2. Upgrade active and standby NNS
1. Disable nn2 and upgrade nn2.
2. Use"-Rollingupgrade started"To start nn2 as standbynamenode.
3. Failover from nn1 to nn2 to make nn2 active and nn1 in standby.
4. Disable nn1 and upgrade nn1.
5. Use"Rollingupgrade started"Option, enable nn1 as standby".
3. Upgrade DNS
1. Select a small portion of datanode (all datanode are on a specific rack ).
1. Run the command "hdfsdfsadmin-shutdowndatanode <datanode_host: ipc_port> Upgrade" to disable the selected datanode.
2. Run the command "hdfsdfsadmin-getdatanodeinfo <datanode_host: ipc_port>" to check that datanode is disabled.
3. Upgrade and restart datanode
4. Run the preceding steps on all selected machines. The selected datanode can be operated in parallel.
2. Run the preceding steps again until all datanode in the cluster is upgraded.
4. Complete Rolling upgrade
1. Run "hdfsdfsadmin-rollingupgrade finalize" to end the rolling operation.
Upgrade federated Clusters
In a federated cluster, there are multiple namespaces. Each namespace has a pair of NN, active, and standby. Upgrade a federated cluster and upgrade a non-federated cluster except Step 1 and Step 4 need to run in each namespace, step 2 runs in each NNS pair, and the others are the same.

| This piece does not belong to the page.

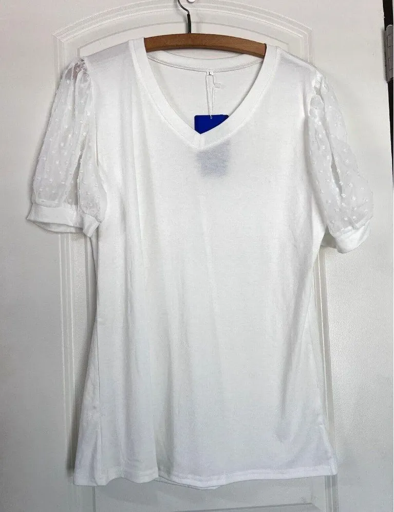 Cute White v-neck top Puff sleeves with polka dots Rayon and Spandex Women's Size Large - s... Show more
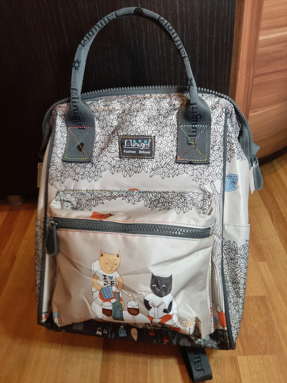 Когда увидела эту сумку-рюкзак в метро у девушки, я была от неё в восторге. По бренду нашла её в магазине и сразу купила. Сумка вместительная, к ней идёт косметичка. Прошита хорошо, швы все ровные и аккуратные. Оказалось, что в этой серии коты, много видов сумок и рюкзаков разных размеров. Теперь хочется к коллекции ещё разных сумочек с котами) В эту коллекцию с котиками я влюбилась)

1. Prepare rolling upgrades for each namespace
2. Upgrade the active and standby NN of each namespace.
3. Upgrade DNS.
4. Complete the rolling upgrade of each namespace.
Upgrade with downtime
For non-ha clusters, upgrading HDFS without downtime is impossible, because the upgrade requires restarting namenode. However, datanode can still be upgraded in a rolling manner.
Upgrading non-ha Clusters
In a non-HA cluster, there is only one NN, one SNN and multiple DN. Upgrading a non-HA cluster is similar to upgrading an HA cluster. In addition to step 2, the upgrade of active and standby NN is changed to the following:
U upgrades a nn and SNN
1. Disable SNN
2. Disable and upgrade NN
3. Use"-Rollingupgrade started"Option to start NN
4. Upgrade and restart SNN
Downgrade and rollback
When the upgraded version is unsatisfactory or, in some situations that seem unlikely, the upgrade fails (because of the new version bug), the Administrator may choose to downgrade HDFS to the previous version, or roll back the HDFS to the version before the upgrade and the status before the upgrade. Cluster downtime is required for both downgrade and rollback, and cannot be completed in a rolling manner.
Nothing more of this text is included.